G. de Arístegui es portavoz de Exteriores del Grupo Popular en el Congreso
02 Abril 2011
Sangrienta farsa siria
El presidente sirio, mofándose de sus propias promesas, ha optado por la más cruda represión contra quienes rechazan su dictadura. Las fuerzas de Bachar el Asad mataron ayer en Damasco al menos a tres personas, como antes lo han hecho en la ciudad costera de Latakia y en la sureña Deraa. Van más de un centenar de muertos en Siria en las últimas dos semanas, y el joven déspota ha recurrido ante su domesticado Parlamento al risible recurso de la conspiración internacional para explicar los acontecimientos sirios.
Asad, 12 años al frente de la férrea tiranía heredada de su padre, carece de credibilidad e intenta ganar tiempo. Sus propagandistas han vendido en los últimos días importantes reformas liberalizadoras, finalmente vacías. En su esperado discurso, el líder sirio no ha anunciado el final del estado de excepción, que permite desde hace medio siglo el silenciamiento de cualquier oposición y todo tipo de vilezas a sus fuerzas de seguridad; ni la legalización de partidos; ni libertad de prensa. Todo lo prometido por el desafiante dictador es un comité que indague las matanzas de manifestantes y otro que estudie la sustitución de la ley de emergencia por otra antiterrorista y de seguridad nacional. O sea, rebautizar el estado de excepción.

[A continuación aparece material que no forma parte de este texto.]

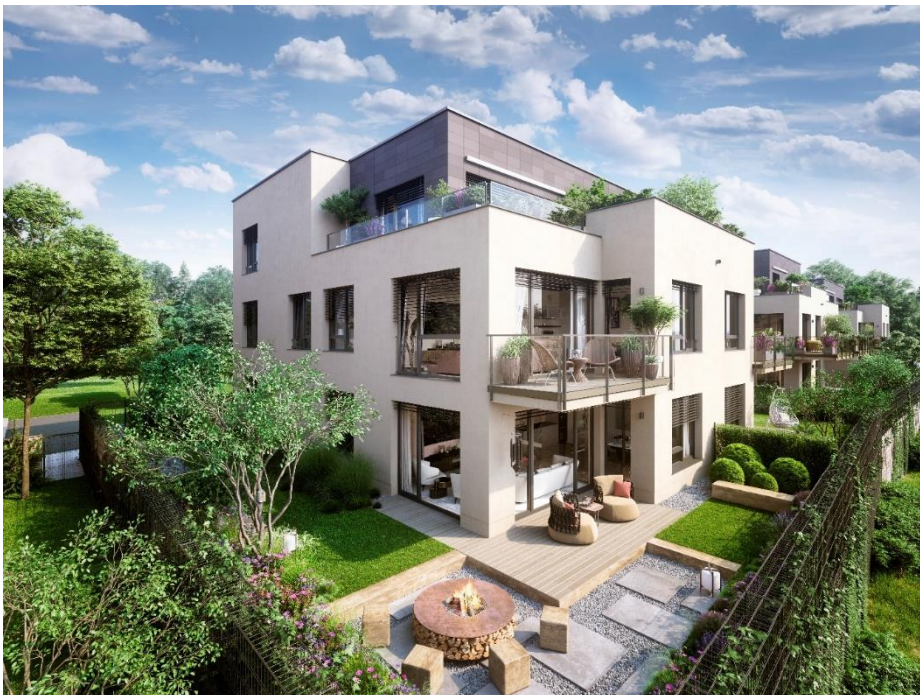
Exterior visualization of Čertův vršek

Photo gallery: Download all the photos in high quality by clicking here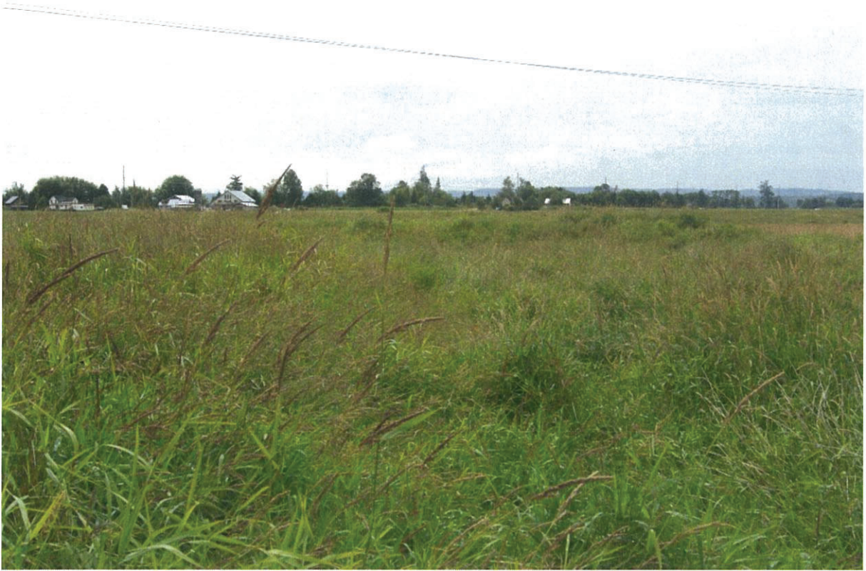
Attachment 2: Photo of reed canary grass over 6' high at Jorgenson Slough/Church Creek project site—taken on July 5, 2020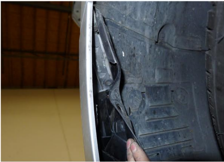
5. Pull the fender liner aside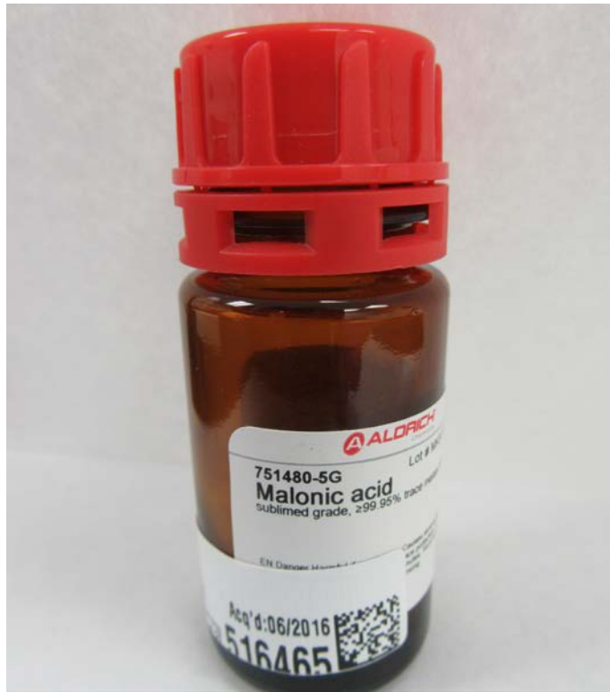
Figure 2: Malonic acid in Aldrich container.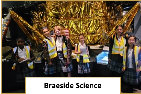
Braeside Science Museum

and painting before having a go at relief printing themselves.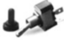
HD IGNITION/ACC SWITCH SWITCH W/BOOT REPLACEMENT BOOT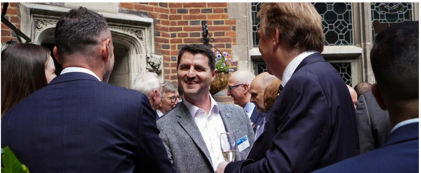
Honorary Community members enjoying the drinks reception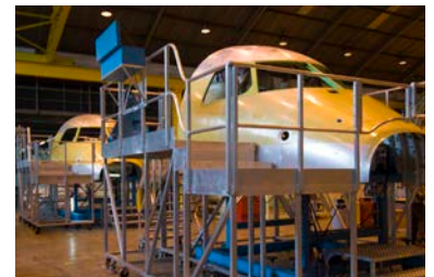
Metal Bond Adhesives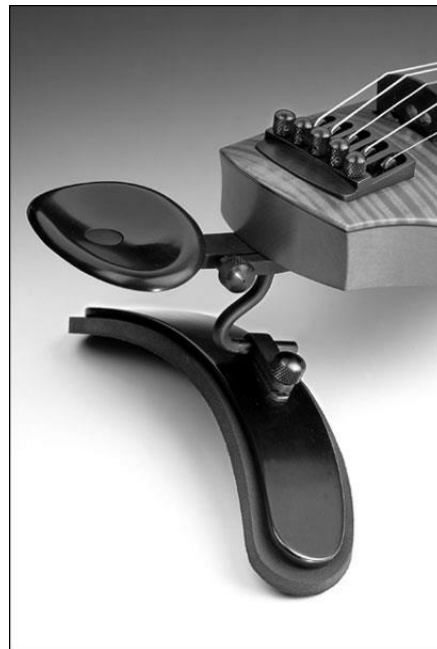
Chin and Shoulder Rest Assembly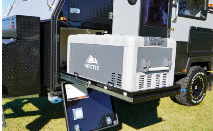
Fridge: Fridge slide, 980 (L) x 530 (W) x 525 (H) mm with tie down points. Optional Arctic fridge available.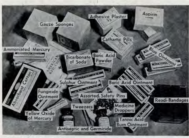
This medicine kit is designed to cover the first aid needs of 100 prisoners of war for one month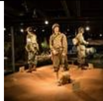
SILENT WINGS MUSEUM

Celebrate the life and legacy of musician and Lubbock native Buddy Holly at his namesake center, which also features an array of excellent contemporary art exhibitions.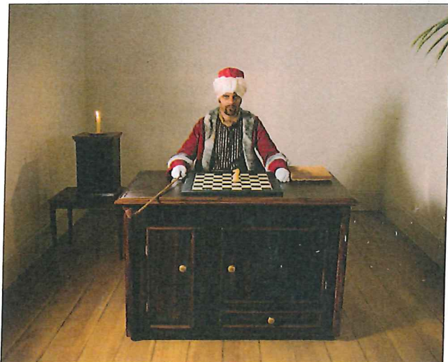
Still from Gavin Turk's The Mechanical Turk , 2008.

Guido van der Werve , from the Netherlands, weighed in with his expansive Number Twelve: Variations on a Theme (2009), encompassing film, photography, a musical soundtrack, and a "chess piano" fashioned by the artist.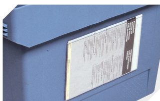
Document pockets self-adhesive 3 sides open L 175 x W 105 mm 6-5031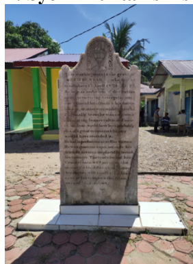
Figure 4: Syekh Buntar’s inscription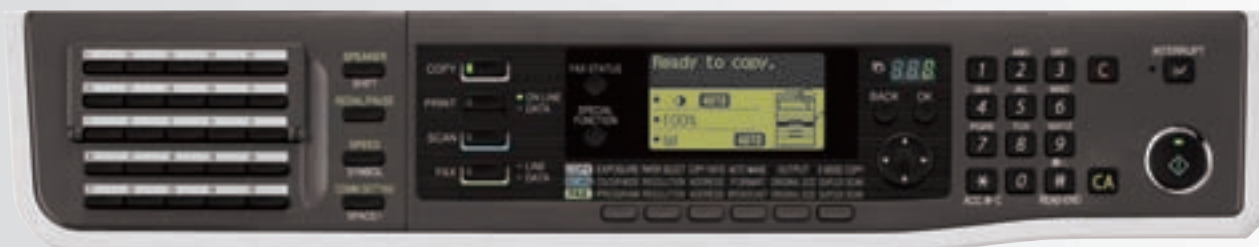
MX-M200D Control Panel with optional Fax Kit.

Maximize capabilities of your MX-M200D with optional full-color network scanning and feature rich network printing! With simple plug-and-play operation, the optional full-featured Network Expansion Kit offers PCL6 network printing, walk-up scanning, web-based device management and more. With Sharp's easy-to-use utilities and driver software, the versatile MX-M200D can easily integrate into an existing network environment.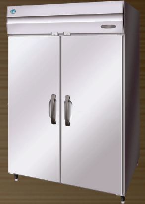
Upright Refrigerator (HRE) / Freezer (HFE)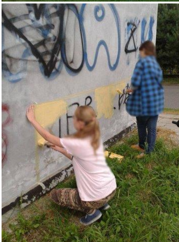
22. volunteers take part in Mezuzah project [phot. 15-16.].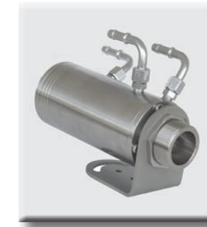
Cooling jacket incl. air purge unit & bracket Model Sprint 8-JP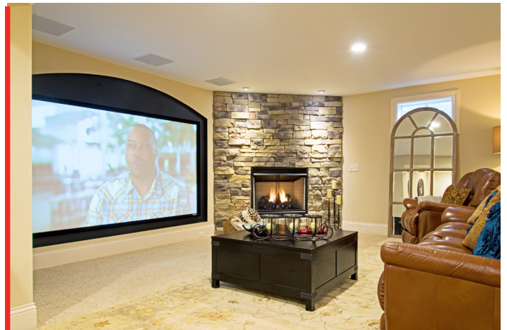
AFTER PHOTO OF ENTERTAINMENT AREA AND FIREPLACE IN BECK BASEMENT

The project included the addition of a media area, gas fireplace with stone surround, and a wet bar with granite countertop and stone backsplash.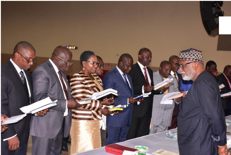
Mr. Governor swearing-in Permanent Secretaries and Tutors-General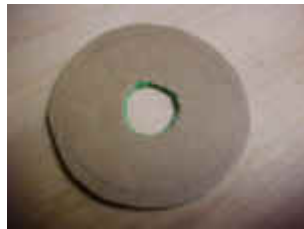
The center hole is cut. The size is unimportant so quite a bit of foam is left on the id.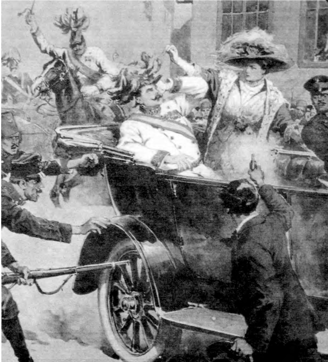
An illustration of the assassination of Franz Ferdinand and his wife in Sarajevo, June 1914.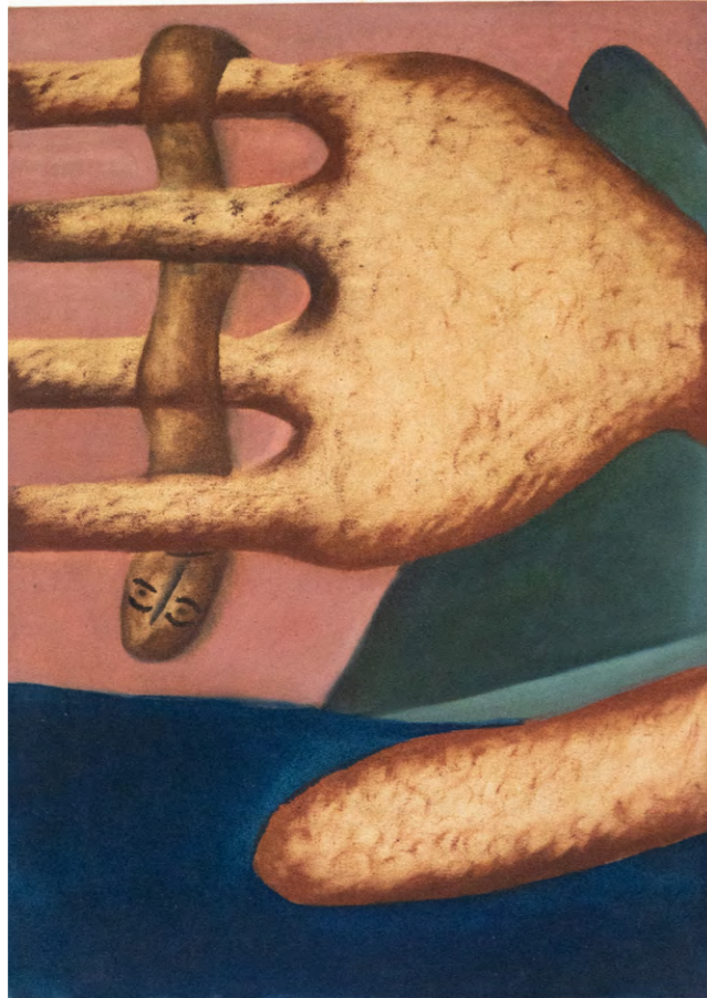
The last bite, 2024 oil on canvas 42 x 30 cm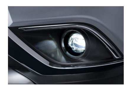
» FOG LAMPS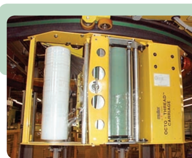
Octo-Thread film carriage

With its rear opening film loading gate, the Octo-Thread film carriage allows for fast, easy and safe film threading. The standard tilting film mandrel allows the operator to load a film roll with greater ease. It also reduces the risk of damaging the film roll during loading.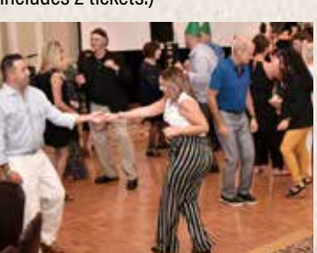
PLUS PROFESSIONAL DJ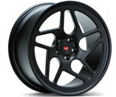
LC-104T Forged Monoblock Satin Black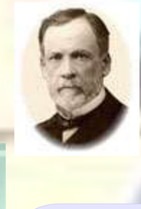
Fig. 2 Some famous members of the FVA: veterinarians or non veterinarians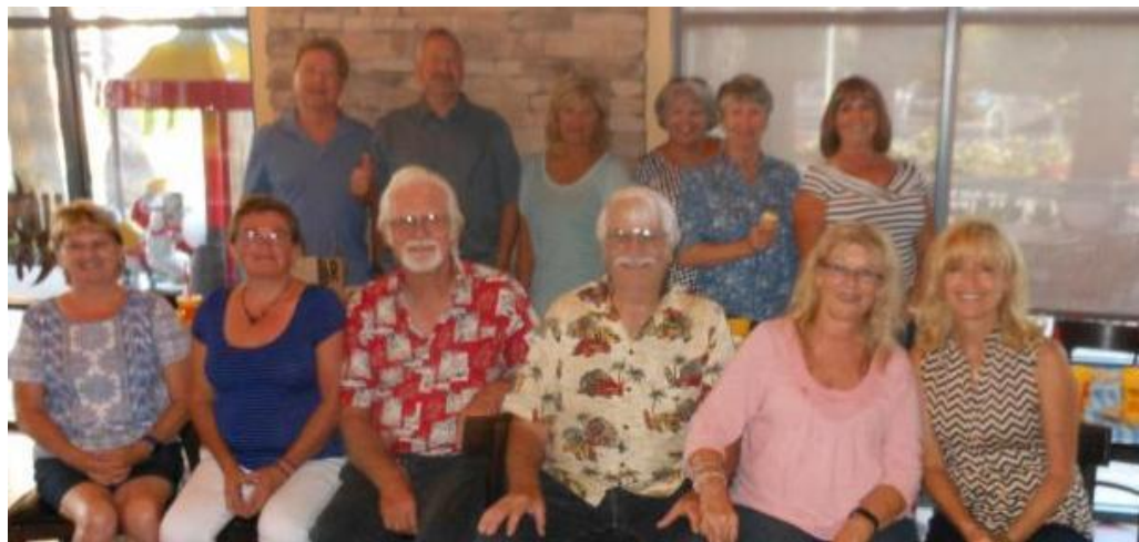
A Big "Thank You" to These JFM California Friends for Lending a Helping Hand!!!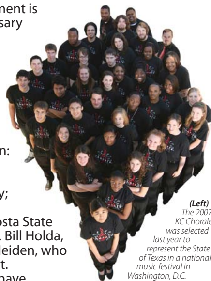
(Left) The 2007 KC Chorale was selected last year to represent the State of Texas in a national music festival in Washington, D.C.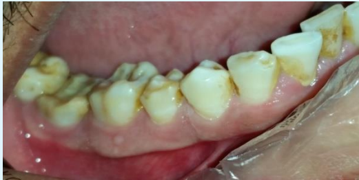
Figure 9: Follow-up visit: (1month).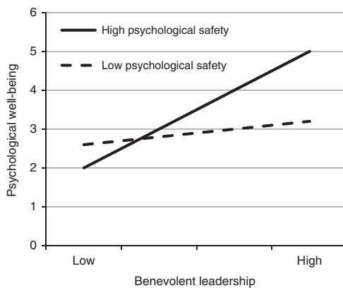
Figure 2. Interactive effects of benevolent leadership and psychological safety on psychological well-being

The results in this study suggest that researchers should continue to investigate psychosocial and contextual factors such as person-job fit (Vigoda-Gadot and Meiri, 2007), organization structure and size (Perry et al. , 1994), organizational politics (Davis and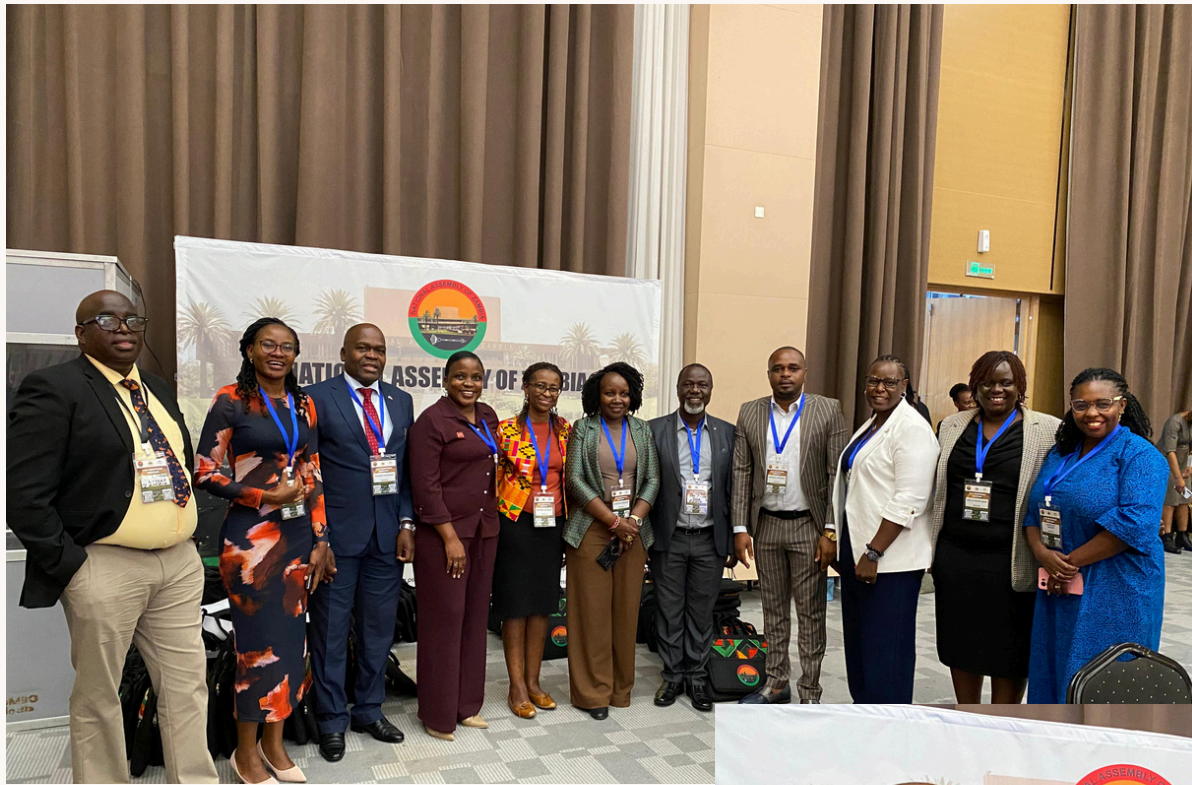
MeTA with MedRap Zambia and other partners

En la creciente revuelta siria se mezclan los mismos ingredientes y aspiraciones que en Túnez o Egipto. Siria es un Estado policíaco de partido único, el Baaz, corrompido desde la cúspide y controlado, también económicamente, por la familia presidencial y su círculo íntimo. Damasco se beneficia del capital político que le otorga su condición de aliado regional de Irán y factor determinante en Líbano y Gaza, por su apoyo a Hezbolá y Hamás. Ni siquiera EE UU o Israel, que ven en Asad un enemigo predecible, quieren un vuelco que llevaría más incertidumbre a una encrucijada crítica. Pero el régimen sirio, como otros vecinos, está siendo juzgado por su ejecutoria interior. Y su iniquidad es patente.
El Análisis
En marzo de 2011, Siria se convierte en el más reciente epicentro de una primavera árabe que, como las tormentas de arena, lo cubre todo con furia y caos. Pero en este crisol de historia y opresión, los brotes de libertad enfrentan desafíos únicos. Bashar al Asad, heredero de un régimen construido sobre el miedo, responde a las legítimas demandas de su pueblo con balas y tanques. El dictador no tiene otro lenguaje que el de la represión, aferrándose al poder como quien defiende un castillo de naipes en medio de un vendaval. Sin embargo, los opositores no ofrecen una alternativa mucho más esperanzadora: sectarismos, intereses foráneos y liderazgos tan antidemocráticos como el que buscan derrocar. Siria, una tierra de múltiples identidades, se ve empujada hacia una fragmentación que podría terminar por devorarla.
Frente a esta tragedia, las palabras de los analistas españoles se pierden en análisis que carecen de profundidad moral. Unos describen un régimen «petrificado» mientras banalizan la violencia estatal con términos como «cosméticas medidas económicas». Otros, por su parte, no dudan en pintar al régimen como una aberración histórica, pero su entusiasmo por el «vendaval de libertad» ignora las grietas en los movimientos opositores, incapaces de garantizar una transición justa. Pierden de vista lo esencial: el desastre causado por quienes convirtieron el país en un tablero de ajedrez, ya fuera en Estados Unidos, en Rusia o en Qatar. Siria no necesita héroes ni demonios, sino un compromiso internacional que priorice la paz, la pluralidad y la dignidad. Mientras tanto, el país se desangra, atrapado entre un régimen que aplasta y una oposición que, a menudo, representa más de lo mismo.